Il faut un degré important d’apport humain dans ces types de mécanismes de détection et de signalement et dans leur application globale.

Dhanaraj ThakurDirecteur de recherche, Centre pour la démocratie et la technologie, et Membre du Conseil consultatif de #Shepersisted

       

 

Une plus grande diversité parmi les concepteurs et conceptrices d’outils de détection de contenu indésirable basés sur l’IA est aussi cruciale, or les femmes ne représentent que 12% des chercheurs en apprentissage automatique et 22% des développeurs d’IA (World Economic Forum, 2018). Leurs perspectives risquent donc d’être occultées dans la conception des nouveaux logiciels et programmes d’IA générative. Trouver des solutions aux obstacles structurels à la participation des femmes et assurer la diversité dans les entreprises de technologie numérique et parmi les équipes de modération de contenu pourrait également ne pas suffire pour atteindre le niveau d’impact souhaité.

 

Nous devons cibler les personnes qui détiennent le pouvoir de faire changer les choses, à savoir les ingénieurs et les investisseurs. Aussi, l’IA est utilisée aujourd’hui pour détecter les discours de haine, les propos violents et les discours toxiques. Nous pouvons mettre en place des moyens inclusifs pour obtenir des retours structurés de la communauté internationale par le biais, par exemple, d’algorithmes bias bounties [pour identifier et atténuer la désinformation genrée]. 

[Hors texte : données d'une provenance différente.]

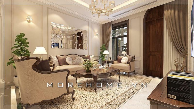 Thiết kế phòng khách biệt thự theo phong cách tân cổ điển sang trọng, đẳng cấp

Rumman ChowdhuryAncienne Directrice de META chez Twitter, et Membre de la Commission UIT/UNESCO sur le haut débit pour le développement durable

Des investissements à long terme visant à modifier les récits ainsi que des moyens innovants s’attaquant aux normes sociales néfastes sont nécessaires pour traiter une question aussi urgente et complexe. Il faut d’abord aborder causes profondes de la désinformation et de la violence en ligne basées sur le genre en intervenant auprès des hommes et des garçons au sein des familles, à l’école et dans l’environnement numérique. Il faut également déplacer la responsabilité qui pèse sur les épaules des victimes et se concentrer sur les auteurs et leurs complices. Il est urgent de les tenir pour responsables, sans impunité.